3. Define the K6 Custom Resource

Create a YAML file (e.g., test-run.yaml) to define the distributed test. This is where the power lies.

apiVersion: k6.io/v1alpha1
kind: K6
metadata:
  name: my-distributed-test
spec:
  # 1. Parallelism: Number of k6 worker pods to spin up
  parallelism: 10

  # 2. Script: Reference the ConfigMap created in Step 2
  script:
    configMap:
      name: my-load-test-script
      file: script.js

  # 3. Arguments: Pass k6 CLI flags (e.g., VUs, duration)
  # This overrides the 'options' in the script, allowing for dynamic test profiles.
  arguments: --vcs 1000 --duration 10m # 1000 VUs total, split across 10 pods

  # 4. Observability: Send metrics to your stack
  runner:
    env:
      # Example: Configure k6 to output to Prometheus Remote-Write
      - name: K6_PROMETHEUS_RW_SERVER_URL
        value: "http://prometheus-remote-write-endpoint.monitoring.svc.cluster.local/api/v1/write"
      - name: K6_PROMETHEUS_RW_TREND_STATS
        value: "p(95),p(99),min,max,avg,med"

4. Execute the Test

Simply apply the manifest:

kubectl apply -f test-run.yaml

Kubernetes will now do the following:

Read the K6 resource.
Spin up one k6-controller pod.
Spin up 10 k6-worker pods (as defined by parallelism: 10).
The controller automatically distributes the 1000 VUs (--vcs 1000) among the workers (100 VUs each).
Each worker pod runs the same script.js, streaming its metrics to your configured backend (e.g., Prometheus).

You now have a scalable, repeatable, and declarative load testing framework running natively on your own infrastructure.

Phase 3: The Critical Link: Correlating Client & Server Metrics

This is the single most important, and most frequently missed, step.

Running the test in Phase 2 will tell you what happened from the client's perspective (e.g., "The /v1/orders endpoint p95 latency spiked to 3000ms"). It will not tell you why.

The "why" is on your servers:

Did the order-service pod run out of CPU?
Did its database connection pool exhaust?
Did a downstream gRPC call to the inventory-service time out?
Was there a spike in Kafka consumer lag?

To find the "why," you must correlate the k6 client-side metrics with your server-side observability data on a single, shared timeline.

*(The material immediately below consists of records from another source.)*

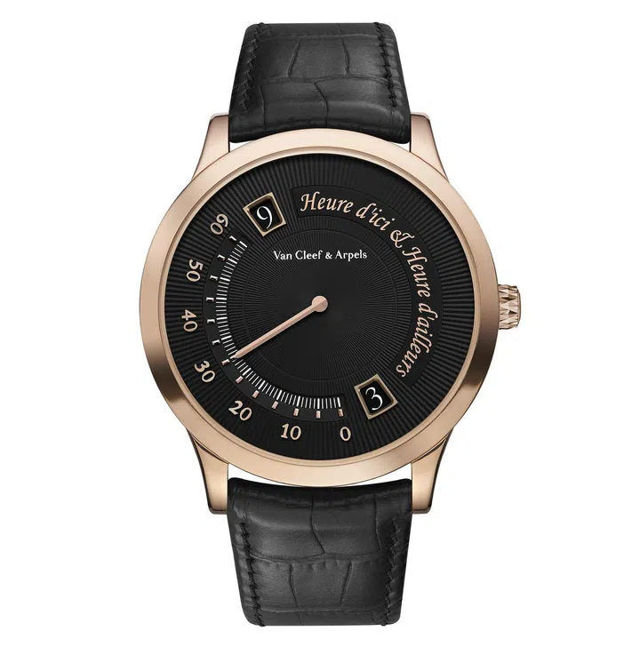这是梵克雅宝为旅人设计的双时区自动上链腕表,品牌经典男式腕表的Midnight表壳首次搭载双时区自动上 链机芯,由梵克雅宝与Agenhor (Atelier Genevois d’Horlogerie) 工坊携手研发。Heure d’Ici即所在地时间,显示于表盘上方;而Heure d’Ailleurs ── 第二时区时间,则呈现于表盘下方的视窗中,两者透过单一机械组件带动两组小时转盘与逆跳分针同步运行,确保两地时间的精确显示。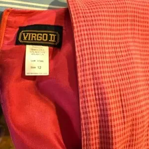 Stylish, sharp looking shift dress with built-in tunic by Virgo II, size 12. Fabric is an acetate/rayon blend, light red in color. Shift is a solid light red color crinkle fabric with a tiny checkered, short sleeve tunic look jacket attached. For the office this is a professional yet casual look; travels well. Perfect for any occasion where you want to look stylish and pulled together! Definitely a unique, attention-getting look!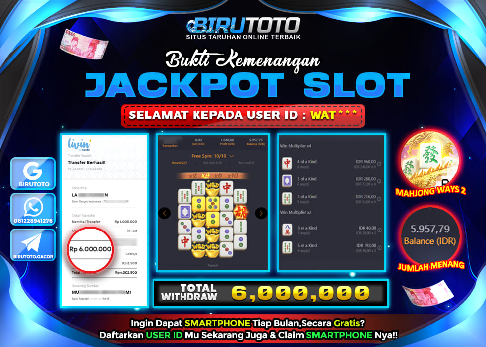 BIRUTOTO JACKPOT SLOT MAHJONG WAYS Rp.6.000.000 LUNAS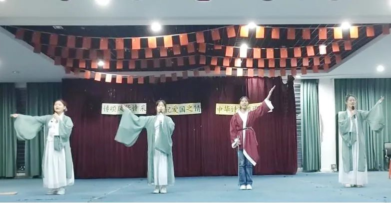 4月23日,人文学院举办“传颂风华诗采,铭记爱国之情”中华诗词朗诵大会。 同学们以诗配乐、情景诵读、舞蹈编排等新颖活泼表演形式,上演了《茅屋为秋风所破歌》《青春中国》《盛世中国》《江城子》《满江红》《祖国万岁》等经典诗歌。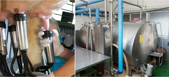 搾乳時は牛の乳頭をキレイにふき、乾燥させてから搾乳機で搾ります。鮮度を保つため、搾乳したあとは外気に触れることなく、生乳はバルククーラー(生乳冷却装置)で一時保管されます。
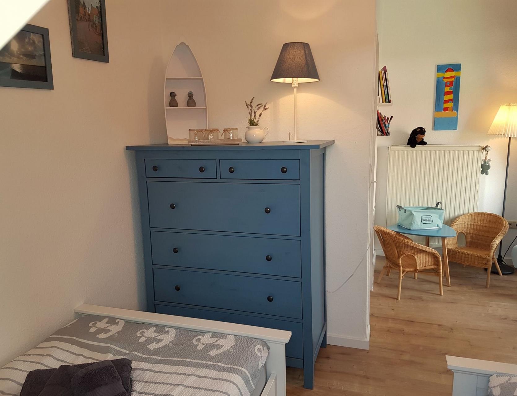 1 Schlafzimmer mit zwei Einzelbetten (je 90 x 200 cm), Nachtkonsole mit Nachttischlampe, Kommode, Lesesessel und gemütliche Kindersitzgruppe.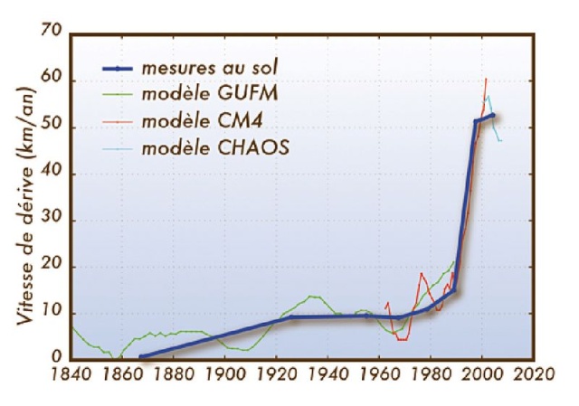Vitesse de dérive de la position du pôle nord magnétique depuis 1840, d’après les mesures sur le terrain (courbe bleue) et trois différents modèles géomagnétiques pour trois intervalles de temps différents.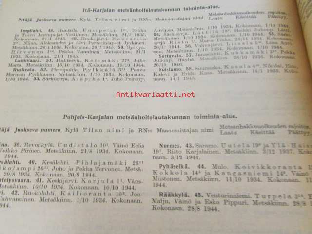 Metsänkäyttöoikeuden rajoitukset yksityistiloilla 1.1. 1937 - 31.6.1937 / Inskränkningarna i rätten atta förfoga över skog å enskilda lägenheter 1.1.1937 - 31.6.1937 mm. Etelä-Karjalan ja Itä-Karjalan alueet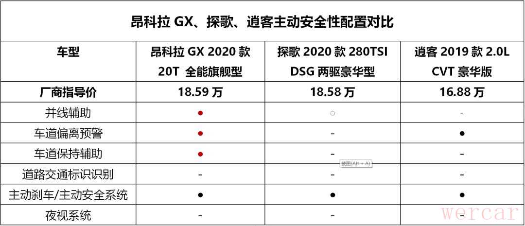 同价位的探歌,仅标配了主动刹车系统,并线辅助功能需要选配。就实用性来说,这样的主动安全辅助系统已经无法很好地满足当下消费者的需求。
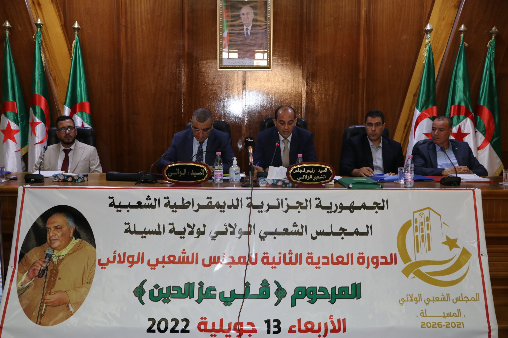 بحضور السيد عبد القادر جلاوي والي الولاية وبرئاسة السيد رئيس المجلس الشعبي الولائي، انطلاق اجتماع الدورة العادية الثانية للمجلس الشعبي لولاية المسيلة، بحضور السادة: أعضاء المجلس الشعبي الولائي، نواب المجلس الشعبي الوطني، الأمين العام للولاية، مندوب وسيط الجمهورية، عضو المجلس الأعلى للشباب، مدير التقنين والشؤون العامة، مدير الادارة المحلية، رؤساء الدوائر، رؤساء المجالس الشعبية البلدية، المدراء التنفيذيين، أعضاء الاسرة الاعلامية وبحضور ممثلي المجتمع المدني والمواطنين.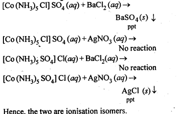 9.4. Give evidence that [Co(NH3)5Cl]S04 and [Co(NH3)5S04]Cl are ionisation isomers.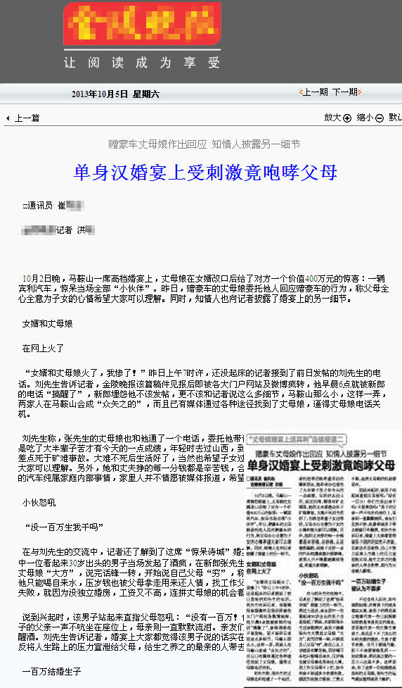 傅中平接著仔細翻看了10月4日、5日的南京某報,這時,他發(fā)現(xiàn)了“通訊員 崔某某 記者 洪某”在10月5日又發(fā)了一篇后續(xù)報道,堪稱“土豪丈母娘”報道的“第二季”。該報道稱:他一早接到爆料人電話,稱婚禮上的丈母娘委托他帶話給希望采訪的媒體朋友,不希望再被媒體報道,爆料人還爆出另一個細節(jié)--一個單身漢婚宴上受刺激竟咆哮父母。

How to Implement Correlation

1. Inject Trace Context from k6

Your distributed tracing system (e.g., OpenTelemetry, Jaeger, Datadog APM) relies on context propagation, typically via HTTP headers like traceparent. Your k6 script must generate and inject these headers so that the requests it generates are included in your server-side traces.

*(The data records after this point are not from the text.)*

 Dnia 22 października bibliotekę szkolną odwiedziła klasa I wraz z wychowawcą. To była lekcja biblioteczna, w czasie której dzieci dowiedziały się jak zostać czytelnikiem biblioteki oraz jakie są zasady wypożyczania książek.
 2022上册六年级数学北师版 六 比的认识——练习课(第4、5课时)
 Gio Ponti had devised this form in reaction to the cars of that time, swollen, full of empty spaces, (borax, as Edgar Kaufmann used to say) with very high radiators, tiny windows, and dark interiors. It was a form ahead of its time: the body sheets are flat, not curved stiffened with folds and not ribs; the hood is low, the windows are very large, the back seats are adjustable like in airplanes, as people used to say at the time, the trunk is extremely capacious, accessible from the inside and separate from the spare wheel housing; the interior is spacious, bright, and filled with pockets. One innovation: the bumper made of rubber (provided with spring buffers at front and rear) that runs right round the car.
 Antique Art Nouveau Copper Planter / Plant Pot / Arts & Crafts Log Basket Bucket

import http from 'k6/http';
import { uuidv4 } from 'https://jslib.k6.io/k6-utils/1.4.0/index.js';

// ... (options and other setup) ...

export default function () {
  // Generate a unique trace ID for this entire user flow
  const traceId = uuidv4().replace(/-/g, ''); 
  const spanId = uuidv4().substring(0, 16);
  
  // W3C Trace Context header
  const traceparent = `00-${traceId}-${spanId}-01`;

  const authParams = {
    headers: {
      'Content-Type': 'application/json',
      'Authorization': `Bearer ${authToken}`,
      'traceparent': traceparent, // <-- INJECT THE TRACE HEADER
    },
  };

  group('Browse Products', () => {
    // This request will now be picked up by your APM/tracing backend
    const res = http.get(`${BASE_URL}/v2/products?category=electronics`, authParams);
    check(res, { /* ... */ });
  });

  // ... (rest of script) ...
}

2. Build the Unified Dashboard

With the k6-operator shipping k6 metrics to Prometheus (Phase 2) and your script injecting trace IDs (Phase 3), all your data is now in one place.

In Grafana (or your preferred tool), build a dashboard that layers these two data sources:

Top Panel (Client-Side):
- k6_http_reqs_total (Request Rate)
- k6_http_req_duration_p95 (P95 Latency)
- k6_http_req_failed_rate (Error Rate)
- k6_vus (Active Virtual Users)
Bottom Panels (Server-Side):
- Per-Service: CPU/Memory Usage, Pod Counts (HPA activity).
- Database: Query throughput, query latency, connection counts.
- Queues: Message queue depth (e.g., Kafka lag, RabbitMQ queue size).
- Network: Ingress/Egress bandwidth, connection errors.

Now, when you run your load test, you can watch this dashboard. When you see a spike in k6_http_req_duration_p95, you look directly below it. You will see the corresponding spike in database connections, the flatlining of a downstream service's pods, or the HPA scaling up a new node.

You have moved from "the site is slow" to "the site is slow because the order-service p99 latency is high, which correlates directly with a 95% CPU saturation on the payment-service deployment, which is failing its health checks." This is an actionable insight.

Product Engineering Services

Build with 4Geeks

Finally

Load testing a distributed system with k6 is not a one-time event; it's a continuous practice. By scripting realistic scenarios, executing at scale with the k6-operator, and—most importantly—building unified observability dashboards, you transform load testing from a simple pass/fail check into a powerful performance engineering and debugging tool.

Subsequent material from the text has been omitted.